Its ConsumerLab delved deep into future trends and identified some quite predictable results.
The Lifestyle Network Effect, for example. This is a fancy phrase encompassing the thought that the more people use online services, the more people use online services.
It's the thing sometimes referred to as the sharing economy--the one that might be better known as the Someone Will Give It to Me This Instant and Cheaper Economy.
The near future will apparently see the rise of electronic things being inserted into our bodies, so that we can know everything our bodies are doing and feeling and thereby improve our bodily functions.
And, as if this hasn't happened already, another hot trend is that we'll want to stream everything and be commanded by nothing.
But it's the smartphone prediction that's truly moving.
The idea is that very soon artificial intelligence will be so advanced that we'll interact with things that we wear--and, who knows, with doors, ceilings, and Britain's Houses of Parliament.
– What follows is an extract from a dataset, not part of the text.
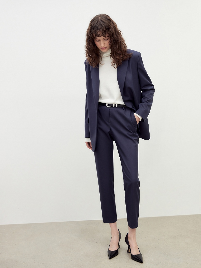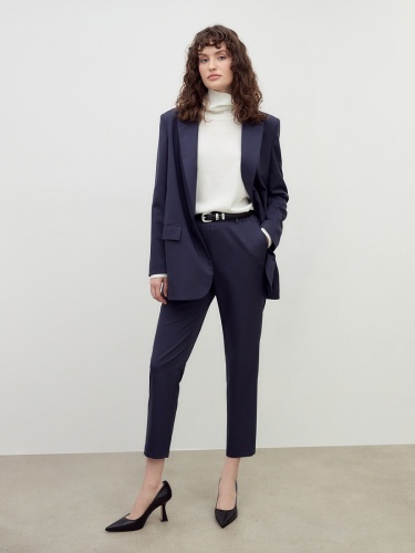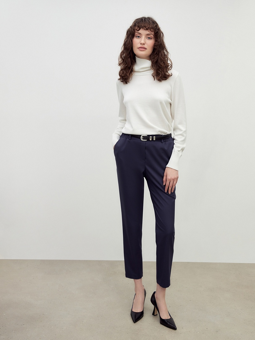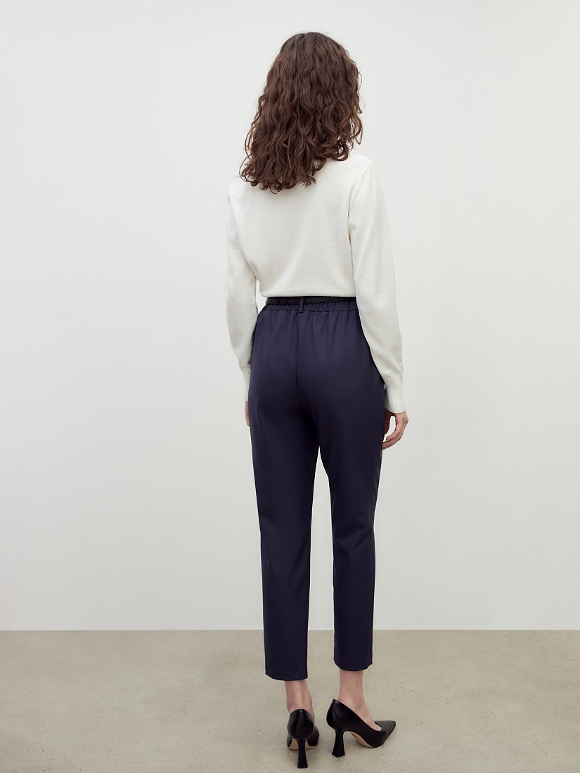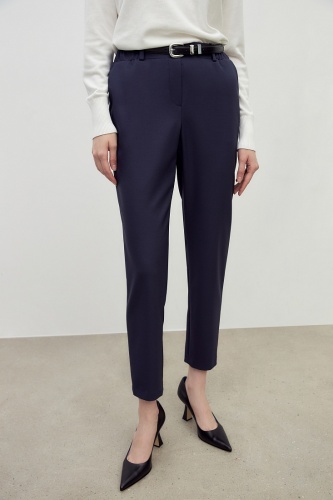 Брюки из костюмной ткани в благородном темно-синем цвете. Зауженный к низу силуэт на притачном поясе со шлевками и резинкой по спинке для лучшей посадки. Брюки с карманами по бокам и двумя прорезными карманами сзади. Модель идеально подойдет для создания ярких образов с жакетом в полоску из одной ткани.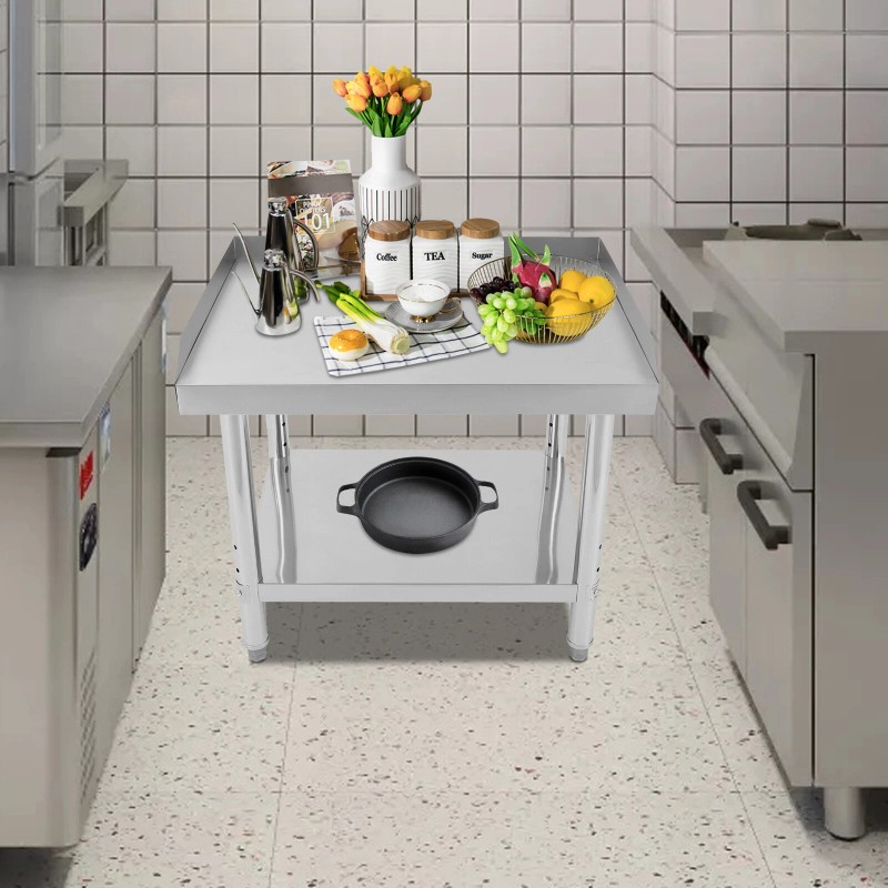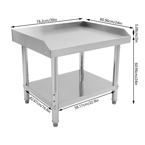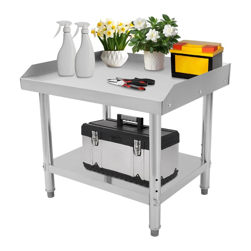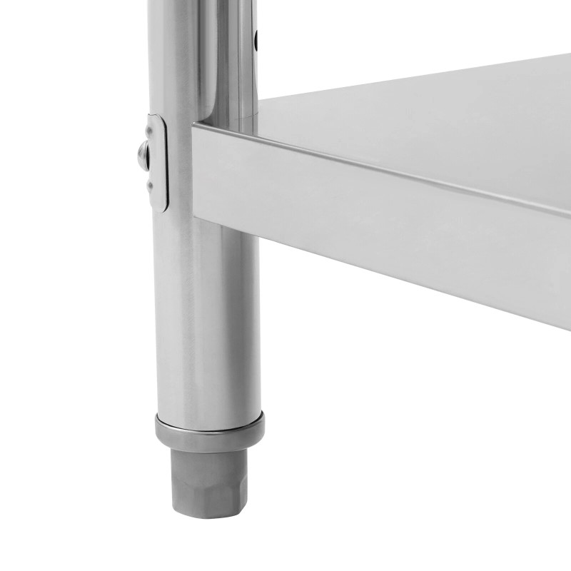 This adjustable work table will provide extra storage space and work surface for your kitchen, garage, workroom, etc., adding more convenience to your work. It is made of high-quality stainless steel with solid construction and adjustable feet, which can ensure the stability of your work and storage items. In addition, the large countertop surface and lower shelf allow you to store more items, avoiding a cluttered working environment.

Smartphones have awful battery life. They're clingy, too. They're in constant need of being held.
It just isn't the basis for a long-term relationship.
AI will just allow us to talk into thin air and be heard and even understood.
But wait.
Was this study done by asking experts, or even people who claim to be experts? Actually no (and yes).
Ericsson asked real human beings--100,000 of them, in 39 countries.
This ought to cheer smartphones up a little.
Steve Jobs was always fond of reminding everyone that real people don't know what they want. So can they really be sure of what their desires will be in the future, at least in terms of gadgets? (Actually, in terms of anything.)
Can they be sure that the exciting prospect of the Internet of Things, which suggests every single household item will be controlled from your phone, will suddenly divorce the phone without a second thought?
Sometimes in surveys people give answers that make them look wise. Could it be that these respondents pander better than they prognosticate?
Or perhaps these 100,000 have been watching more sci-fi movies than the average and have good reason to wish their smartphones away.
But how will Apple make money then?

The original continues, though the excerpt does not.